Ils ont même déclaré mardi un nouveau sit-in illimité à Wad Madani, à 200km au sud de Khartoum. Et mercredi après-midi, ils appellent à un « défilé des femmes » à Khartoum alors que ces dernières ont joué un rôle majeur en 2019. 

Lors de la « révolution » qui a renversé le général Béchir, les manifestants avaient maintenu leurs sit-in huit mois. Ils avaient alors obtenu que l'armée partage le pouvoir avec les civils pour mener le pays vers ses premières élections démocratiques. 

« Nous ne partirons pas d'ici avant d'obtenir un gouvernement civil », déclarait mardi un des manifestants depuis Wad Madani, Mahmoud Mirghani. 

« Loup déguisé en mouton »  

« On a lancé ce sit-in en réponse au discours de Burhane le putschiste, on veut la liberté, la paix, la justice et un gouvernement civil », renchérissait une autre manifestante, Safa Abderrahim. 

L'ONU a dit mardi espérer que l'annonce du général Burhane « crée une opportunité pour obtenir un accord ». 

Les Etats-Unis ont pour leur part jugé qu'il était « trop tôt » pour en évaluer l'impact, appelant toutes les parties à chercher un accord vers « un gouvernement dirigé par des civils » avec des « élections libres ». 

Mais pour Yasser Arman, cadre des FLC, »le discours de Burhane s'adresse surtout à la communauté internationale dont certains membres veulent des solutions rapides (...) privilégiant la stabilité à la démocratie ». 

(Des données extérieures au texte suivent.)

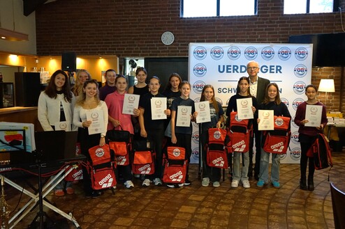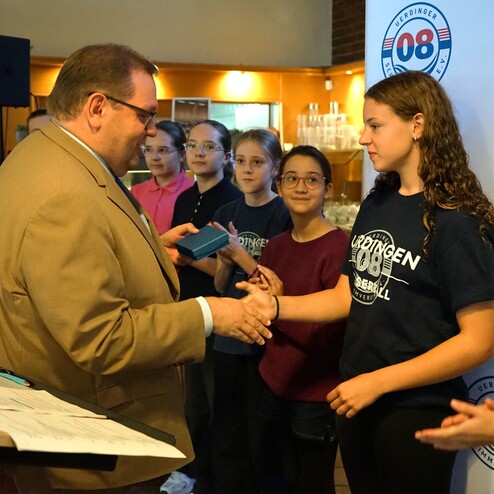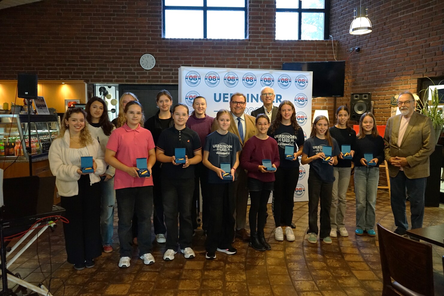 Gegen 10 Uhr trafen Oberbürgermeister Frank Meyer sowie Jochen Adrian vom Stadtsportbund Krefeld ein. Nach der Begrüßung durch unseren Vorsitzenden Dr. Heinz Pudleiner begann die Sportlerehrung durch den SSB. In seiner Ansprache würdigte OB Meyer die herausragenden Leistungen unserer Athletinnen: Geehrt wurden insbesondere die Wasserballerinnen der insgesamt vier Mannschaften – von der U14 bis zur Bundesliga. Ebenso wurden unsere erfolgreichen Schwimmerinnen Valentina Basile da Costa und Anna Hofmann ausgezeichnet. Alle freuten sich über ihre Medaillen des Stadtsportbunds, als auch über die Urkunden und Arena Rucksäcke vom Verein. Ein gemeinsames Pressefoto hielt diesen besonderen Moment fest.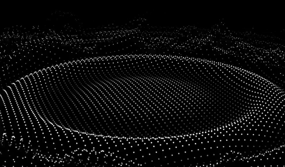 [Повеќе честички формираат брановидна формација на врвот на страницата. На дното, честичките се поставени во кружна формација. Честичките отскокнуваат бавно, а потоа брзо и се судираат, формирајќи зрак од светлина што се преобразува во Blád~é светла на слушалките Gál~áxý B~úds3 P~ró прикажани како некое лице ги носи]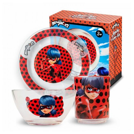 Купить Набор "Леди Баг и Супер Кот" Дизайн 2, (3 предмета, подарочная упаковка), стекло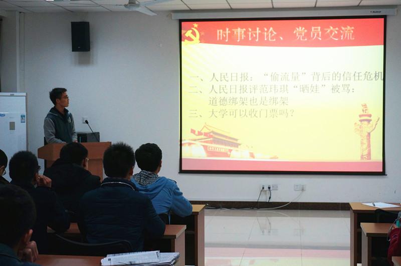 2015年12月1日,小蓝视频 本科2013级第二党支部在自动化院楼303报告厅举行本学期的第一次党员沙龙。由于大三学生学习压力较大,空余时间少,本学期的党员沙龙将原有的电影推荐、好书推荐、时事点评三个模块浓缩为时事讨论模块;沙龙举办的意义也有所改变,除了党员同志们交流思想外,邀请了年级入党积极分子参与讨论,以此加强对入党积极分子的日常考核。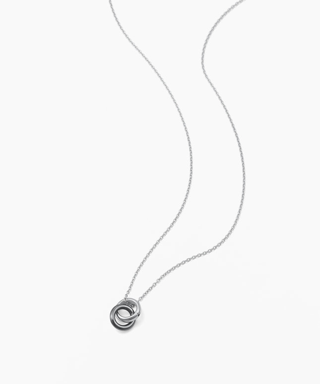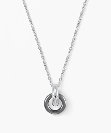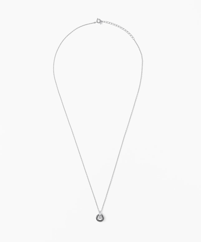 リングをふたつつなげたようなデザインのトップに、ブラックダイヤモンドがきらめきます。

Pour ce dirigeant civil, Burhane veut « choisir un Premier ministre qui sera un loup déguisé en mouton et prendra ses ordres auprès du Conseil suprême des forces armées, ainsi l'armée gardera les pouvoirs souverains et exécutifs sous prétexte d'une solution politique ». 

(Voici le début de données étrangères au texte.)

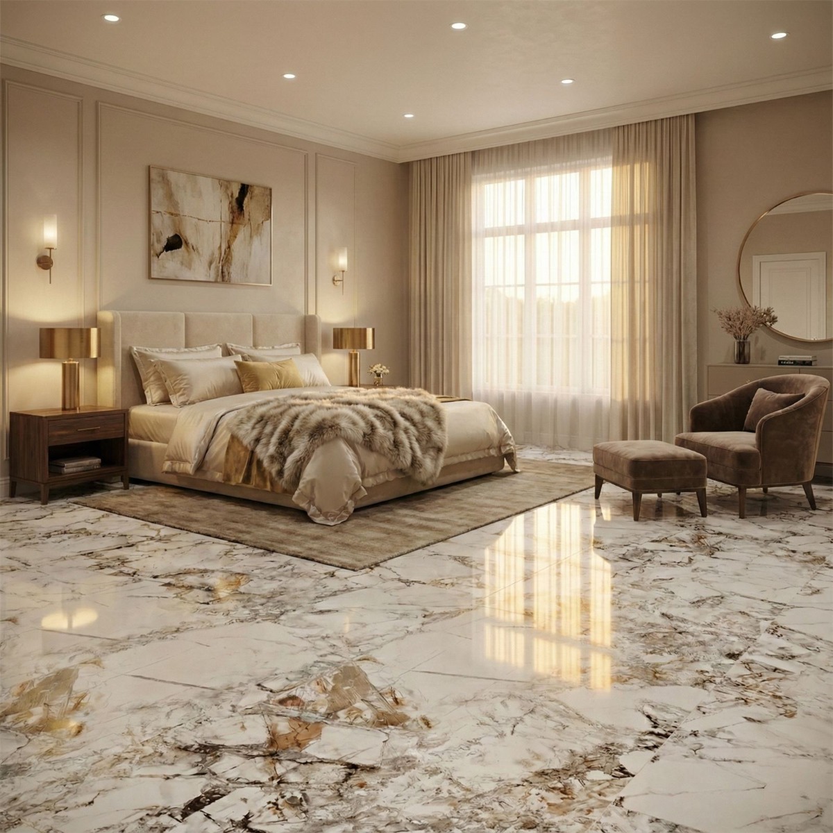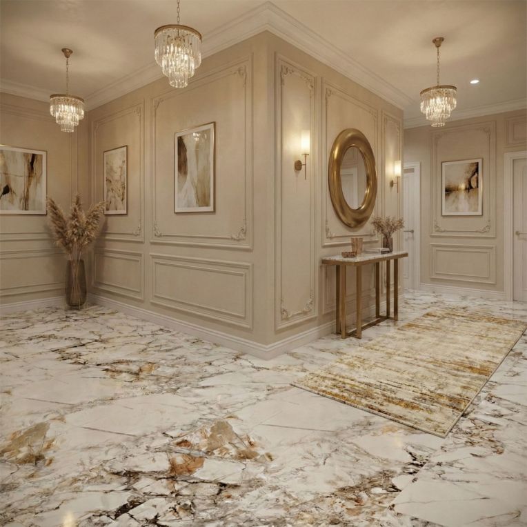 Pairing tip: Keep surrounding finishes soft and plain with warm neutrals, natural oak or gentle greys so the marble movement does the work.

Pour la rue aussi, le nerf de la guerre se trouve dans les caisses vides de l'Etat, alors que le pays est privé de  son aide internationale depuis le putsch et pris entre dévaluation exponentielle et inflation à plus de 200%. 

« Tout le peuple soudanais a vu l'économie s'écrouler depuis le coup d'Etat », lançait mardi un manifestant à Khartoum alors qu'aujourd'hui encore 80% des ressources échappent au contrôle du ministère des Finances. 

On ignore quelle est la part des militaires dans l'économie, mais ils tiennent de nombreuses entreprises allant de l'élevage de volailles au BTP. 

« Burhane doit remettre à la justice tous ceux qui ont tué (des manifestants) et il est le premier d'entre eux », affirmait mardi un manifestant à Khartoum sous couvert d'anonymat.